No one came banging on Gerard’s door the following morning. After spending half the night gazing into the dying embers of his fire and the other half tormented by dreams, he slept until ten, waking to discover a slim envelope had been slipped beneath the gatehouse door. Torn between relief and regret, he ripped it open, fully expecting to find his dismissal.
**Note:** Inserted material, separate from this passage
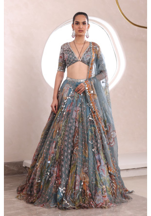 Grey organza heavily embroidered lehenga with a matching blouse and dupatta

Instead, he discovered a note from Smythe informing him that his services as bodyguard would not be required for several days as Miss Snow would not be venturing out. However, the Admiral would appreciate his continued assistance in organizing his memoirs. A terse postscript in his employer’s own handwriting notified him that the price of the bust he’d so clumsily shattered would be extracted from his wages each month in modest increments.

Gerard would have smiled at the last had his eyes not drifted back to Miss Snow will not be venturing out…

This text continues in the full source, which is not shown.